ARTE: Brett Cook Mural Installation of MLK
Monday, January 16, 2012 at 5:00AM
PAPILLION ART in Brett Cook, Installation, Paintings

Artist Brett Cook does a mural installation in Harlem honoring Martin Luther King Jr.

Martin Luther King Jr. – AHIMSA
127th Street and 8th Avenue, Harlem New York, January 2003


(from 2003)
Project Description: Martin Luther King Jr. – AHIMSA is a project to educate us all about Martin Luther King Jr.'s life and inspire us to be better. Images of Dr. King wrongfully arrested and manhandled, struck on the right temple with a rock, stabbed with a seven-inch letter opener in the chest, and lying on the Hotel balcony after being shot are juxtaposed to quotations he made against racism, materialism, militarism, and violence. The juxtaposition of these violent episodes with his words of peace evidence the extraordinary commitment Dr. King had to non-violence, providing an impetus for us who live in this time of violence. 
Ultimately this project is an effort to highlight philosophies that magnify peace in the world.
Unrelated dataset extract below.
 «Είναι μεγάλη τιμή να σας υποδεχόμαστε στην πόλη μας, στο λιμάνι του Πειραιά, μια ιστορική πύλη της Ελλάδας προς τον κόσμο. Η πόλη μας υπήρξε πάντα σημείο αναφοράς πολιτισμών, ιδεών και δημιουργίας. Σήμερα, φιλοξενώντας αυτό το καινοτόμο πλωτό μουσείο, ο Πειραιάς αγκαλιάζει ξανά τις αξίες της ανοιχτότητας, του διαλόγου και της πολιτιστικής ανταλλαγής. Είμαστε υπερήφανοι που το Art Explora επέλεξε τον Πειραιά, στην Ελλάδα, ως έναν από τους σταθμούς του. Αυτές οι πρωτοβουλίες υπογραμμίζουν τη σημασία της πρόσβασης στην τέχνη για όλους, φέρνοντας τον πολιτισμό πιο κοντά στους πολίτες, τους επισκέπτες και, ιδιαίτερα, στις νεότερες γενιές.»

In spite of a global movement towards war, this project highlights reasoning for living in peace. In spite of media control that restricts what information can be transmitted, this project is a non-permissional action to expand information available to the mainstream. And in spite of the trivialization of Martin Luther King Jr.’s birthday and holiday in America, this project immortalizes an African American who was a hero for all of humanity.
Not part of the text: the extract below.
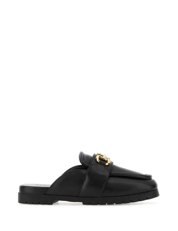 Embossed Leather Square Pop Mules With Logo Heel 8 Cm

“I am convinced that if we are to get on the right side of the world revolution, we as a nation must undergo a radical revolution of values. We must rapidly begin the shift from a thing-oriented society to a person-oriented society. When machines and computers, profit motives and property rights, are considered more important than people, the giant triplets of racism, extreme materialism, and militarism are incapable of being conquered.”
Dr. Martin Luther King Jr.
From “Beyond Vietnam,” Address 
Riverside Church, April 4, 1967, New York City

“Nonviolence means avoiding not only external physical violence but also internal violence of spirit.
You not only refuse to shoot a man, but you refuse to hate him.”